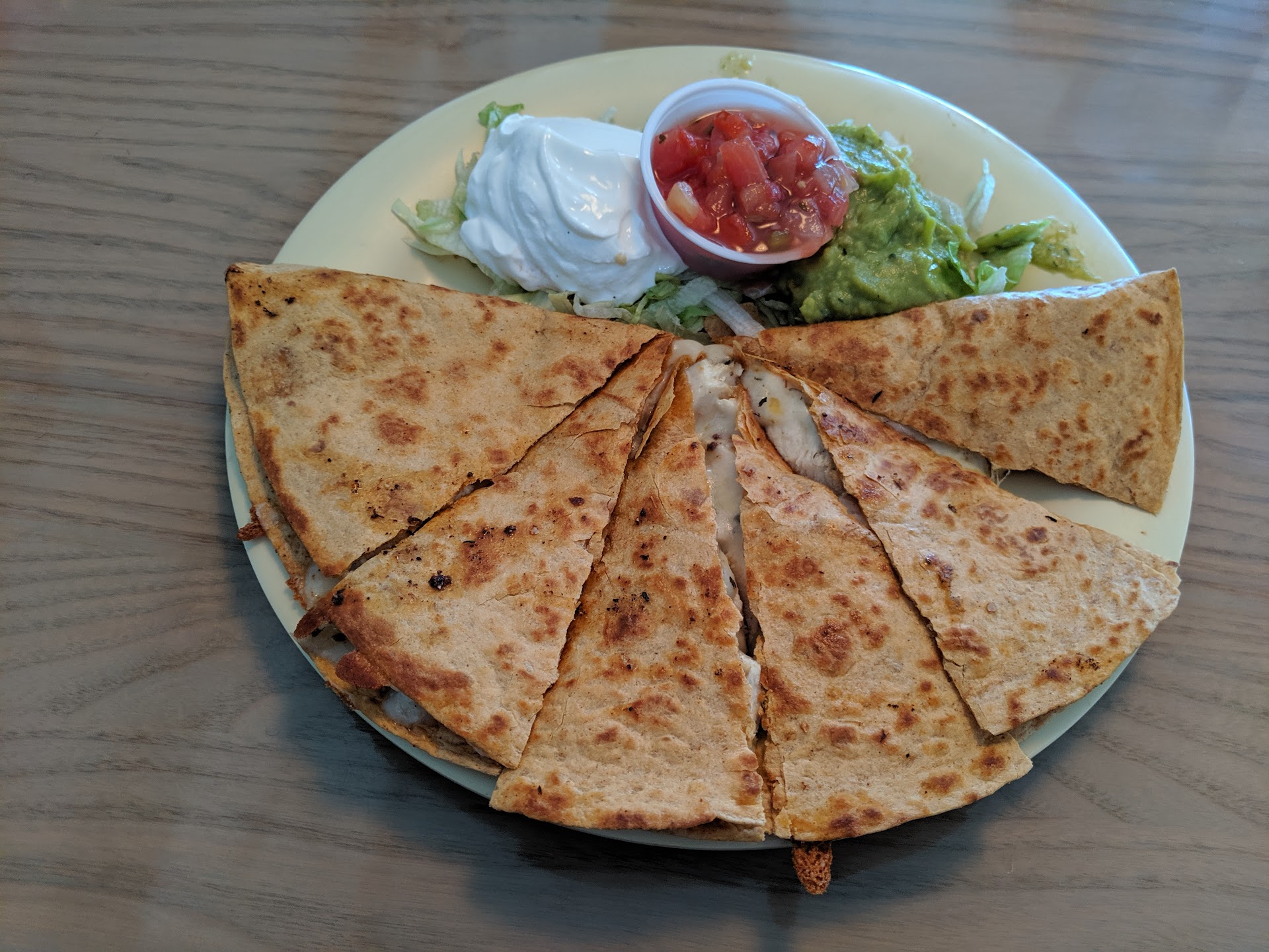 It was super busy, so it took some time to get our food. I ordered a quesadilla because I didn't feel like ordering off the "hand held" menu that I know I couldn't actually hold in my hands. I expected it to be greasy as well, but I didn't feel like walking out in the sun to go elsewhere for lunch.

--

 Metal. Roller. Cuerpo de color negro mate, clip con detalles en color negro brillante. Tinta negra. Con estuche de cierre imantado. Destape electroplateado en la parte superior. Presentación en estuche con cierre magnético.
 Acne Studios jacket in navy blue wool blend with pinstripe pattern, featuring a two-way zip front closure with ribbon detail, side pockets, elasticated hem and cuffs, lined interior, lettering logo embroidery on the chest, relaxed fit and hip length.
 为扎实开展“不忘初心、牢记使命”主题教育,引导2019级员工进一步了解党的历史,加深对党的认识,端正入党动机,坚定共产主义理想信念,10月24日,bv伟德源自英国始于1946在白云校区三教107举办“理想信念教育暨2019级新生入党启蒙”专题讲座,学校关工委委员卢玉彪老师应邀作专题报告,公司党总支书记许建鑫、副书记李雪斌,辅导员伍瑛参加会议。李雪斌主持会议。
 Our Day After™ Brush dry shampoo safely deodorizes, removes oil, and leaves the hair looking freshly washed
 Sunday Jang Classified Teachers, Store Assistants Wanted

WORK ITEM> Taking the material above, extract exactly and only the lines from the line with "Acne Studios jacket" to the line with "Sunday Jang Classified", inclusive of both.

RESPONSE FOR THIS EXERCISE>
 Acne Studios jacket in navy blue wool blend with pinstripe pattern, featuring a two-way zip front closure with ribbon detail, side pockets, elasticated hem and cuffs, lined interior, lettering logo embroidery on the chest, relaxed fit and hip length.
 为扎实开展“不忘初心、牢记使命”主题教育,引导2019级员工进一步了解党的历史,加深对党的认识,端正入党动机,坚定共产主义理想信念,10月24日,bv伟德源自英国始于1946在白云校区三教107举办“理想信念教育暨2019级新生入党启蒙”专题讲座,学校关工委委员卢玉彪老师应邀作专题报告,公司党总支书记许建鑫、副书记李雪斌,辅导员伍瑛参加会议。李雪斌主持会议。
 Our Day After™ Brush dry shampoo safely deodorizes, removes oil, and leaves the hair looking freshly washed
 Sunday Jang Classified Teachers, Store Assistants Wanted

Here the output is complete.